The learned priests of Egypt are said to have made considerable progress in astronomical sciences.

The gnomon, discovered by me in December, last year, in the ruined city of Mayapan, would tend to prove that the learned men of Mayab were not only close observers of the march of the celestial bodies and good mathematicians; but that their attainments in astronomy were not inferior to those of their brethren of Chaldea. Effectively the construction of the gnomon shows that they had found the means of calculating the latitude of places, that they knew the distance of the solsticeal points from the equator; they had found that the greatest angle of declination of the sun, 23° 27´, occurred when that luminary reached the tropics where, during nearly three days, said angle of declination does not vary, for which reason they said that the sun had arrived at his resting place.

The Egyptians, it is said, in very remote ages, divided the year by lunations, as the Mayas, who divided their civil year into eighteen months, of twenty days, that they called U—moon—to which they added five supplementary days, that they considered unlucky. From an epoch so ancient that it is referred to the fabulous time of their history, the Egyptians adopted the solar year, dividing it into twelve months, of thirty days, to which they added, at the end of the last month, called Mesoré, five days, named Epact.

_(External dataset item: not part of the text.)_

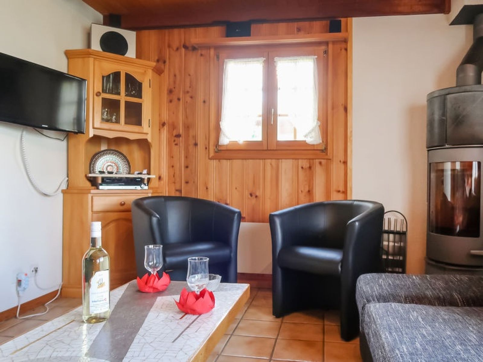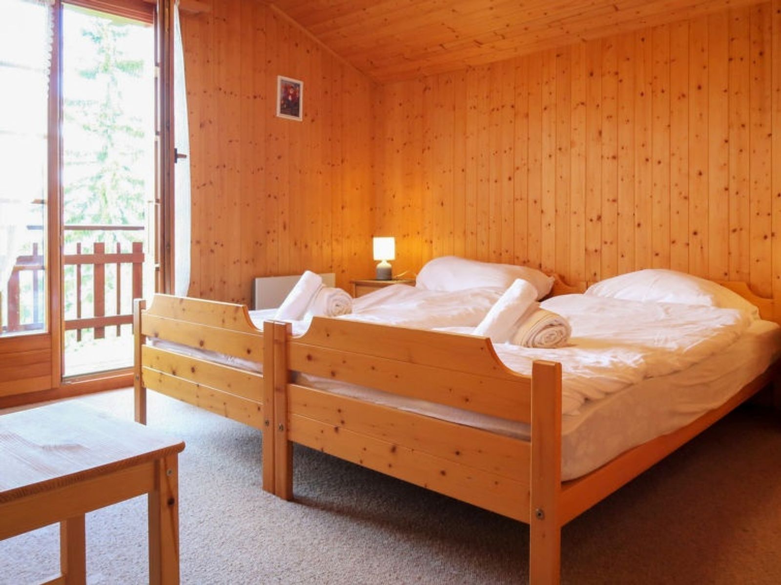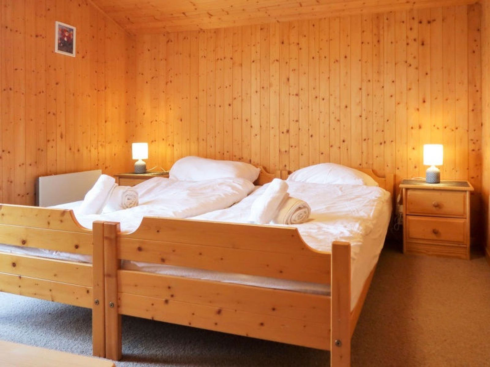 "Joseva", 4-Zimmer-Chalet 85 m2 im 2. Stock. Zweckmässig und schön eingerichtet: Eingang. Wohn-/Esszimmer mit Schwedenofen und Sat-TV. Ausgang zur Terrasse, Richtung Norden. Offene Küche (Backofen, Geschirrspüler, 4 Glaskeramikplatten, Toaster, Wasserkocher, elektrische Kaffeemaschine, Kapseln für die Kaffeemaschine (Delizio) extra, Racletteofen, Fondue Set (Käse)). Dusche/WC. E-Heizung. Obergeschoss: 1 Zimmer mit 1 franz. Bett (160 cm, Länge 200 cm). Ausgang zum Balkon. 1 Zimmer mit 2 Betten (90 cm, Länge 200 cm). Ausgang zum Balkon. 1 kleines Kinderzimmer mit 1 x 2 Etagenbetten (90 cm, Länge 190 cm). Bad/WC. Balkon, Nordlage, Terrasse, Nordlage und Westlage. Terrassenmöbel, Liegestühle (2). Schöne Sicht auf die Berge. Zur Verfügung: Waschmaschine, Wäschetrockner, Haartrockner. Internet (WLAN, gratis). Parkplatz, Garage beim Haus, Höhe 240 cm, Breite 200 cm. Bitte beachten: Nichtraucher-Unterkunft. Maximal 1 Haustier/Hund erlaubt.

By a most remarkable coincidence, the Egyptians, as the Mayas, considered these additive five days unlucky.

Besides this solar year they had a sideral or sothic year, composed of 365 days and 6 hours, which corresponds exactly to the Mayas sacred year, that Landa tells us was also composed of 365 days and 6 hours; which they represented in the gnomon of Mayapan by the line that joins the centers of the stela that forms it.

The Egyptians, in their computations, calculated by a system of fives and tens; the Mayas by a system of fives and twenties, to four hundred. Their sacred number appears to have been 13 from the remotest antiquity, but SEVEN seems to have been a mystic number among them as among the Hindoos, Aryans, Chaldeans, Egyptians, and other nations.

The Egyptians made use of a septenary system in the arrangement of the grand gallery in the center of the great pyramid. Each side of the wall is made of seven courses of finely polished stones, the one above overlapping that below, thus forming the triangular ceiling common to all the edifices in Yucatan. This gallery is said to be seven times the height of the other passages, and, as all the rooms in Uxmal, Chichen and other places in Mayab, it is seven-sided. Some authors pretend to assume that this well marked septenary system has reference to the Pleiades or Seven stars. Alcyone, the central star of the group, being, it is said, on the same meridian as the pyramid, when it was constructed, and Alpha of Draconis, the then pole star, at its lower culmination.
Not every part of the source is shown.